Fig. 2.

TOR restricts cell–cell transport. (A) TORC1 model. TORC1 is a dimer composed of TOR, RAPTOR, and LST8. Glucose stimulates TORC1 to promote anabolism, cell division, and growth, depending on developmental context. (B) The 10 kDa FITC-dextran rapidly moves through lst8 midtorpedo-stage Arabidopsis embryos (for wild-type, see Fig. 1A; FITC, green; chlorophyll, red). (Scale bar, 100 μm.) (C) Silencing LST8 expression with VIGS increases PD transport in N. benthamiana leaves (n ≥ 43, **P < 0.001; error bars indicate SEM).

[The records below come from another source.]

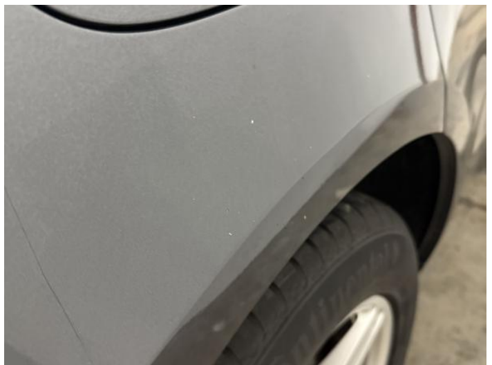
8: Qtr Panel osr Chipped 1 To 5
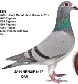
ZA14 NRHUIP 6447 DAM

1st Nat. Ace SANPO Gold Medal Short Distance 2015 3rd Against 5706 Pigeons 6th Against 5502 Pigeons 7th Against 6399 Pigeons 21st Against 6266 Pigeon Dam to Combine winners with two different cocks
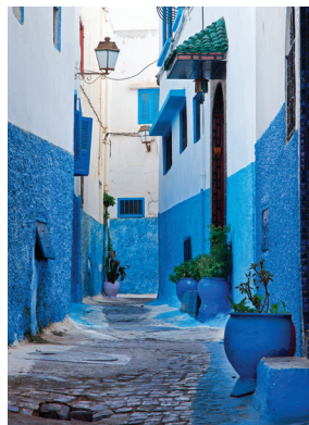
Rabat's Kasbah des Oudaias

Day 11: Marrakech Once the capital of southern Morocco, the imperial city of Marrakech is an alluring oasis with a temperate climate, distinct charm, and fascinating sights. This morning we travel by horse-drawn carriage from Menara Park to Majorelle Gardens, a private botanical garden with some 15 species of birds native to North Africa and known for its cobalt blue
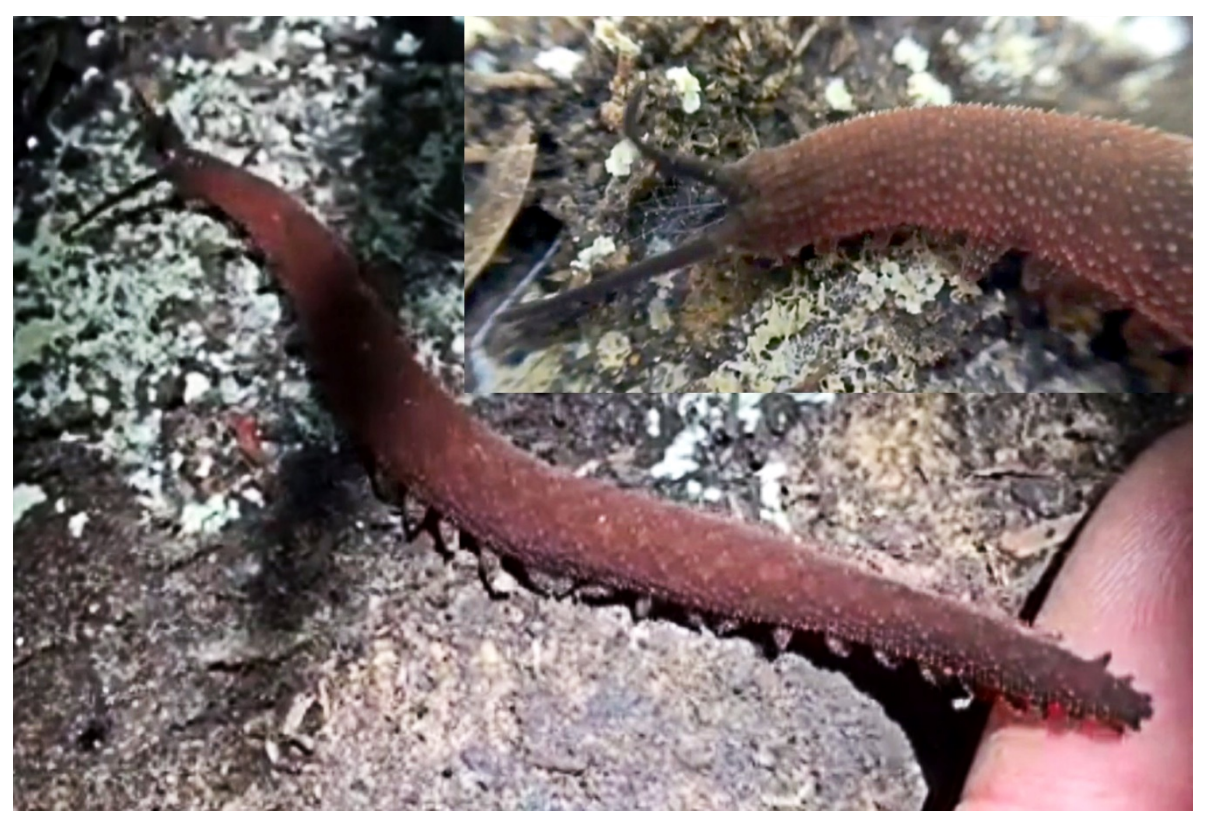
Fig. 5. Castillo Vinous Onychophoran.

Leaves equivalent to L8 (Fig. 5B) were used for this experiment. (D) Chemically inhibiting TOR activity with ATP-competitive kinase inhibitors [AZD-8055 or Torin 2 (39)] or rapamycin [steric inhibitor through interaction with FKBP12 (38, 75–78)] increases PD transport in N. benthamiana leaves (n ≥ 108, **P < 0.001; error bars indicate SEM) L6 leaves (Fig. 5B) were used for this experiment. (E) Chemically inhibiting TOR activity with Torin 2 in young leaves increased import of GFP from source leaves via the phloem in SUC2_PRO:GFP Arabidopsis plants. Mock-treated leaves of the same age and size showed little to no GFP import. GFP fluorescence is shown in green; background chlorophyll autofluorescence is shown in blue; some trichome autofluorescence (not GFP) is also visible and shown in green. (Scale bar, 100 µm.)